• What to produce
Given the entries below, would you transcribe exactly the lines starting at the one with "Slim 14k solid" and ending at the one with "鍋爐現場環境溫度高,壓力變送", both kept, pictures omitted, nothing extra?

• Data for this task
....

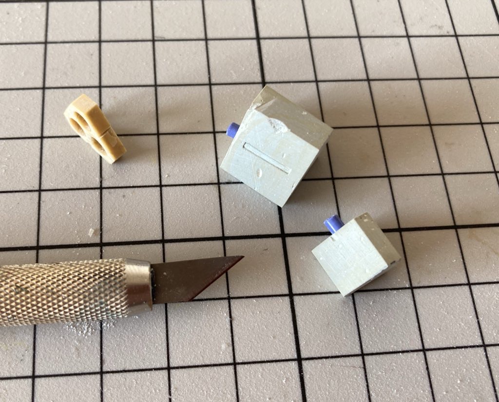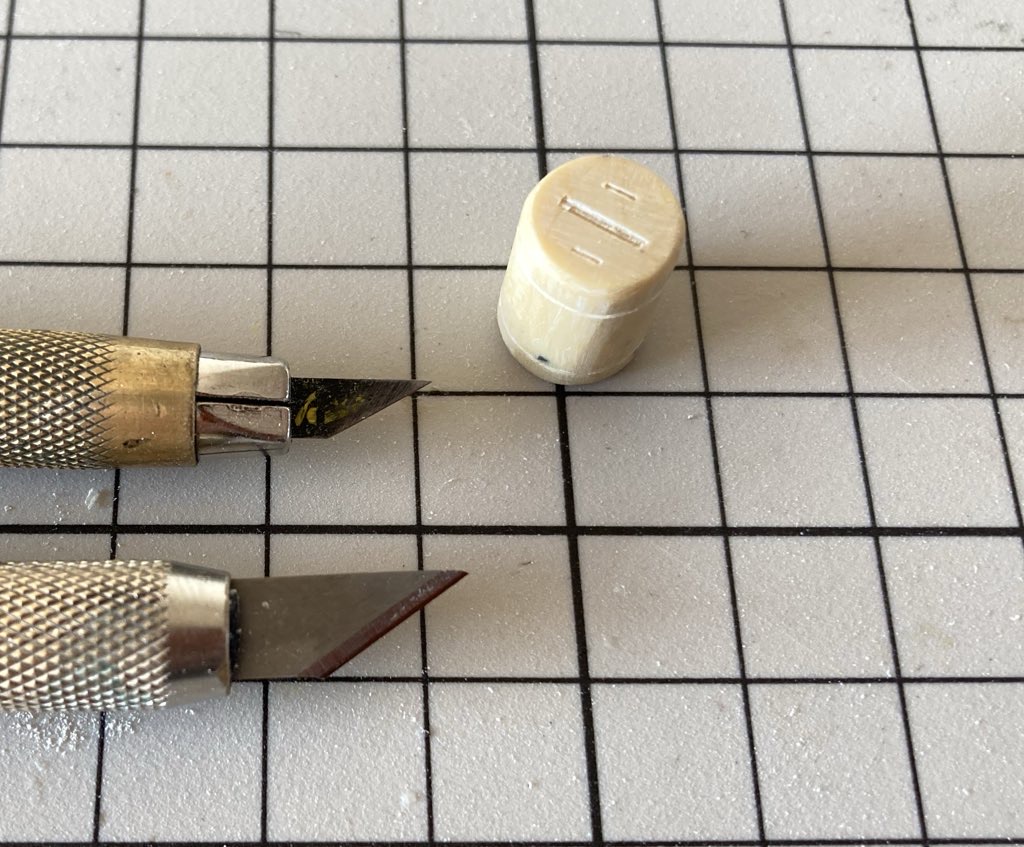 バレルの留め具や、あちこちある凹みモールドはデザインナイフや30°カッターのお尻を削って作った自作ノミを使用してます。
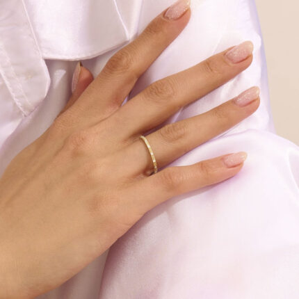 Slim 14k solid gold arrow wedding ring with 0.13 ct natural diamonds. Minimalist and stackable design in white, rose, and yellow gold. BIS Hallmarked & GIA certified.
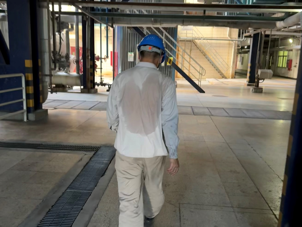 鍋爐現場環境溫度高,壓力變送器偶爾會出現數據漂移。張家勝保持著嚴謹細致的專業態度,反復檢查接線,認真測量校驗數據。他說:“儀控工作來不得半點馬虎,哪怕是0.1的誤差,都可能影響設備的正常運行?!甭?,張家勝的工裝后背因汗水浸透形成一個獨特的心形印記,仿佛便是他用"心"守護機組安全的證明。
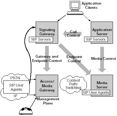 許多語音服務(wù)都是由媒體服務(wù)器提供的。例如,一個(gè)客戶給某個(gè)電子商務(wù)網(wǎng)站打電話會被接到一個(gè)自動語音應(yīng)答(IVR)上或者自動總機(jī)上。這些應(yīng)用使用了語音,語音識別和音頻等功能,都是運(yùn)行在媒體服務(wù)器上的。在下一代網(wǎng)絡(luò)的實(shí)現(xiàn)中,媒體服務(wù)器就象是另一個(gè)電話(或者說,一個(gè)SIP的終端)。因此,他們可以享受和用戶一樣的SIP的優(yōu)點(diǎn)。
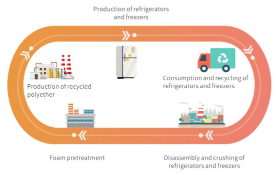 Wanhua Chemical has proposed a complete life cycle solution for rigid PU foam. Through chemically processing waste foam to obtain reproduced foaming raw materials, it achieves the circulation of insulation layers in household appliances, ensuring even product performance while bringing economic and ecological benefits. For PP/PE chemical recycling, Wanhua Chemical employs thermal cracking and catalytic cracking processes and to achieve an enhanced product quality. Additionally, the company has made significant breakthroughs in degrading waste PC into bisphenol A, for exploring a new sustainable raw material source.
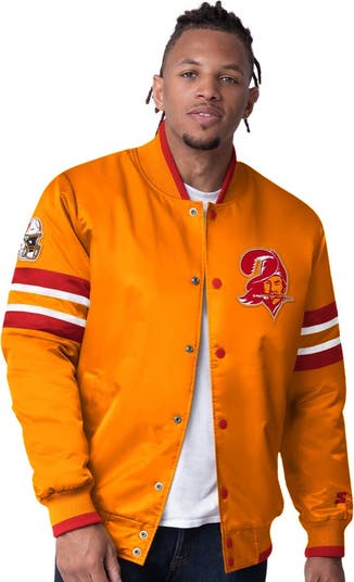 Show off your loyalty to the Tampa Bay Buccaneers in this Scout I Vintage Logo Full-Snap Varsity Jacket from Starter. Its satin fabric provides old-school cool style, while rib-knit trim adds a retro touch. With a vintage-inspired design and premium twill appliques, this Tampa Bay Buccaneers jacket offers a timeless look for devoted fans.
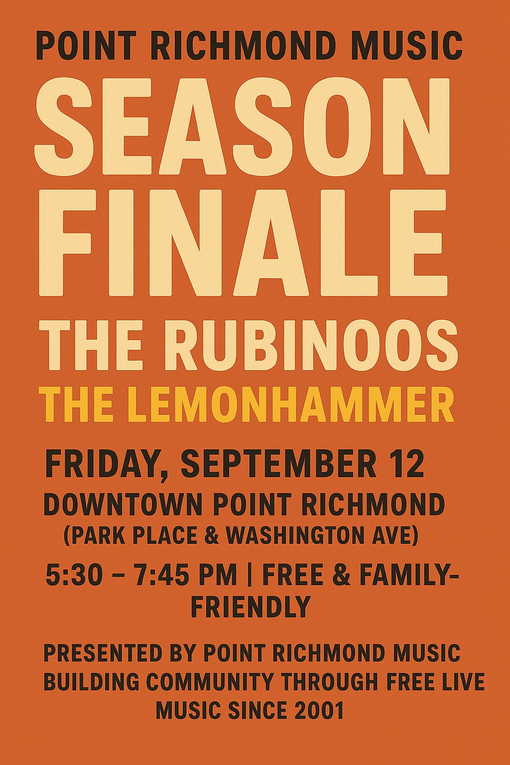 Point Richmond Music will close out its free 2025 outdoor summer concert series this Friday, Sept. 12, with performances by The Rubinoos and The Lemonhammer.
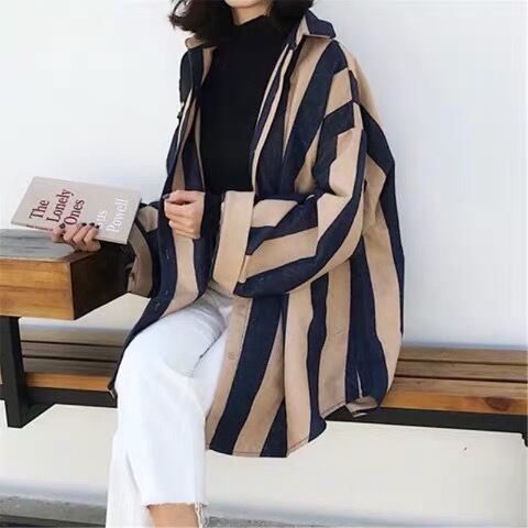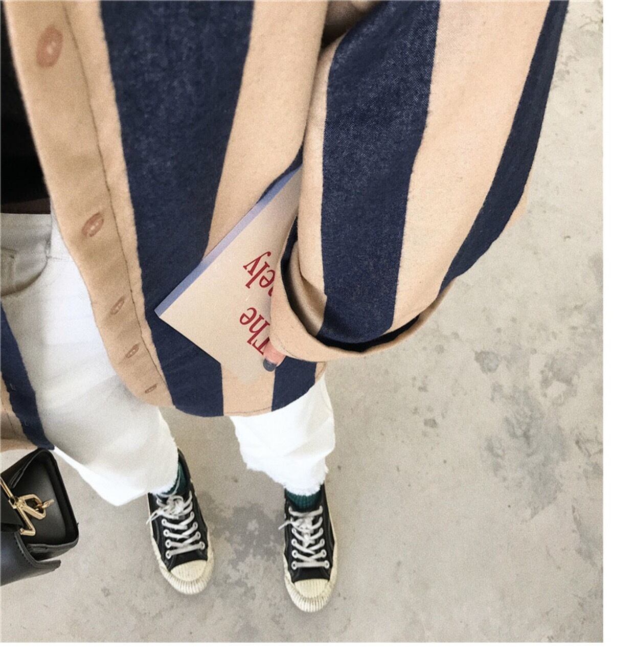 ストライプのデザインと、ゆったりめのシルエットがとてもかわいいシャツです❤️
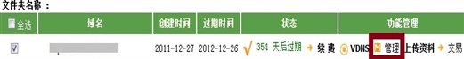 3. 选择您将要修改域名前的单选框,点击域名后的[管理];
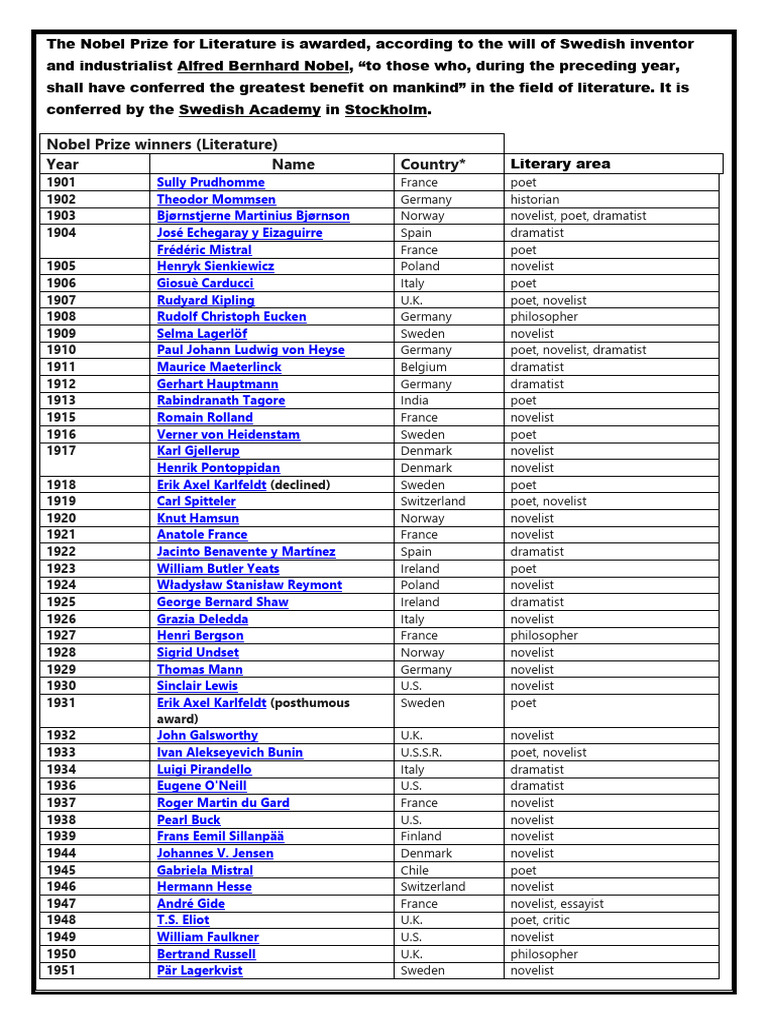 Nobel Prize for Literature PDF
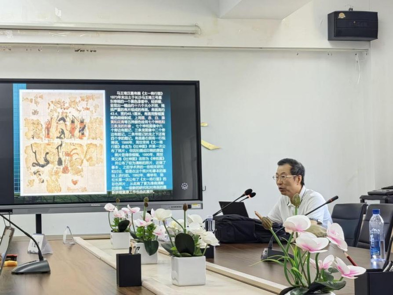 2024年6月25日,js555888金沙邀请复旦大学教授、出土文献与古文字研究中心主任、金沙特聘教授刘钊作了题为“马王堆汉墓帛书《太一将行图》与巫道辟兵术”的学术讲座,此次讲座亦为“简读西北工作坊”第97期讲座,讲座由js555888金沙洪帅教授主持,金沙国际文化交流学院杨同军教授、js555888金沙王延模副教授、陈丹奇讲师及汉语言文学各方向本科生、硕士研究生、博士研究生等40余人参加。
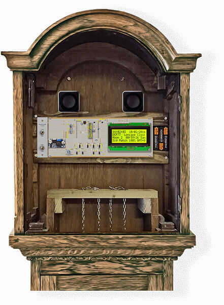 Este reloj tiene 3 diales analógicos, horas/minutos, segundos y, también, una esfera de fase lunar. Hay una pantalla de LCD 4 x 20 secundaria debajo de la campana para dar información completa sobre el estado de los relojes. Los controles de reloj montados sobre la misma vero como la pantalla LCD.
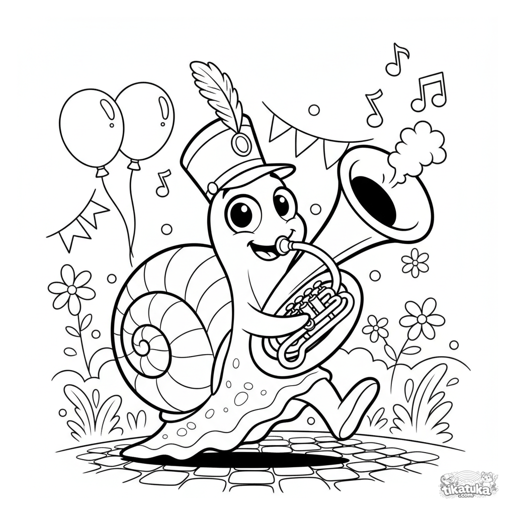 Lustiges Comic-Stil Ausmalbild: eine Schnecke mit einer Tuba in einer Marschkapelle. Dynamische Parade-Szene, perfekt für Kinder.
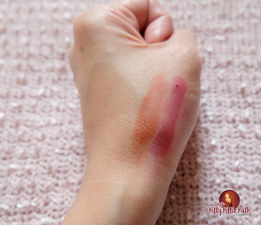 The shades I have are Pretty Sexy and Beauty Siren. The first shade looks violet inside the roll on type packaging but once applied it gives a purplish red shade. On the other hand, the second shade gives a peachy shade after application.
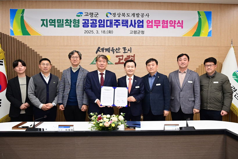 [일요주간=최부건 기자] 고령군(군수 이남철)은 2024년, 2025년 2년 연속 지역밀착형 공공임대주택사업에 선정되어 원활한 사업추진을 위해 2025년 3월 18일 경북개발공사와 지역밀착형 공공임대주택사업 업무협약을 체결하였다.
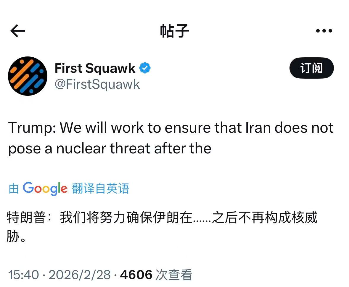 特朗普:我们将努力确保伊朗之后不再构成核威胁 财闻 2026-02-28 15:55:18 特朗普表示,我们将努力确保伊朗之后不再构成核威胁。 据外媒2月28日报道,特朗普表示,我们将努力确保伊朗之后不再构成核威胁。

....

• Expected answer
 Slim 14k solid gold arrow wedding ring with 0.13 ct natural diamonds. Minimalist and stackable design in white, rose, and yellow gold. BIS Hallmarked & GIA certified.
 鍋爐現場環境溫度高,壓力變送器偶爾會出現數據漂移。張家勝保持著嚴謹細致的專業態度,反復檢查接線,認真測量校驗數據。他說:“儀控工作來不得半點馬虎,哪怕是0.1的誤差,都可能影響設備的正常運行?!甭?,張家勝的工裝后背因汗水浸透形成一個獨特的心形印記,仿佛便是他用"心"守護機組安全的證明。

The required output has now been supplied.